Here are some ways to help workers be true to themselves:
Encourage employees to reflect on what makes them feel authentic. This can be done from the very start of the employment relationship — during orientation. In a field study I conducted with Brad Staats, of the University of North Carolina at Chapel Hill, and Dan Cable, employees in the business-process-outsourcing division of the Indian IT company Wipro went through a slightly modified onboarding process. We gave them a half hour to think about what was unique about them, what made them authentic, and how they could bring out their authentic selves at work. Later we compared them with employees who had gone through Wipro’s usual onboarding program, which allowed no time for such reflection. The employees in the first group had found ways to tailor their jobs so that they could be their true selves — for example, they exercised judgment when answering calls instead of rigidly following the company script. They were more engaged in their work, performed better, and were more likely to be with the company seven months later.
Leaders can also encourage this type of reflection once people are on the job. The start of a new year is a natural time for employees and their leaders to reflect on what makes them unique and authentic and how they can shape their jobs — even in small ways — to avoid conformity. Reflection can also be encouraged at other career points, such as a performance review, a promotion, or a transition into a new role.
Tell employees what job needs to be done rather than how to do it. When Colleen Barrett was executive vice president of Southwest Airlines, from 1990 to 2001, she established the goal of allowing employees to be themselves. For example, flight attendants were encouraged to deliver the legally required safety announcement in their own style and with humor. “We have always thought that your avocation can be your vocation so that you don’t have to do any acting in your life when you leave home to go to work,” she has said. This philosophy helped make Southwest a top industry performer in terms of passenger volume, profitability, customer satisfaction, and turnover.
Let employees solve problems on their own. Leaders can encourage authenticity by allowing workers to decide how to handle certain situations. For instance, in the 1990s British Airways got rid of its thick customer-service handbook and gave employees the freedom (within reason) to figure out how to deal with customer problems as they arose (see “Competing on Customer Service: An Interview with British Airways’ Sir Colin Marshall,” HBR, November–December 1995).
Another company that subscribes to this philosophy is Pal’s Sudden Service, a fast-food chain in the southern United States. By implementing lean principles, including the idea that workers are empowered to call out and fix problems, Pal’s has achieved impressive numbers: one car served at the drive-through every 18 seconds, one mistake in every 3,600 orders (the industry average is one in 15), customer satisfaction scores of 98%, and health inspection scores above 97%. Turnover at the assistant manager level is under 2%, and in three decades Pal’s has lost only seven general managers — two of them to retirement. Annual turnover on the front lines is about 34% — half the industry average. Pal’s trains its employees extensively: New frontline workers receive 135 hours of instruction, on average (the industry average is about two hours). As a result, employees are confident that they can solve problems on their own and can stop processes if something does not seem right. (They also know they can ask for help.) When I was conducting interviews for a case on Pal’s, a general manager gave me an example of how he encourages frontline workers to make decisions themselves: “A 16-year-old [employee] shows me a hot dog bun with flour on it and asks me if it’s OK. My response: ‘Your call. Would you sell it?’”

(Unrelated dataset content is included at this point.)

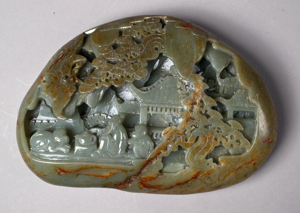 Finely carved to one side to depict two figures fixing tea with a dog, beneath trees and with buildings in the background. 5.5" H x 7.75" W, circa 20th century.

Let employees define their missions. Morning Star, a California-based tomato processing company, has employees write “personal commercial mission statements” that reflect who they are and specify their goals for a given time period, ones that will contribute to the company’s success. The statements are embedded in contracts known as “colleague letters of understanding,” or CLOUs, which employees negotiate with coworkers, each spelling out how he or she will collaborate with others. The personal commercial mission of Morning Star’s founder, Chris Rufer, is “to advance tomato technology to be the best in the world and operate these factories so they are pristine.” That of one sales and marketing employee is “to indelibly mark ‘Morning Star Tomato Products’ on the tongue and brain of every commercial tomato product user.” That of one employee in the shipping unit is “to reliably and efficiently provide our customers with marvelously attractive loads of desired product.”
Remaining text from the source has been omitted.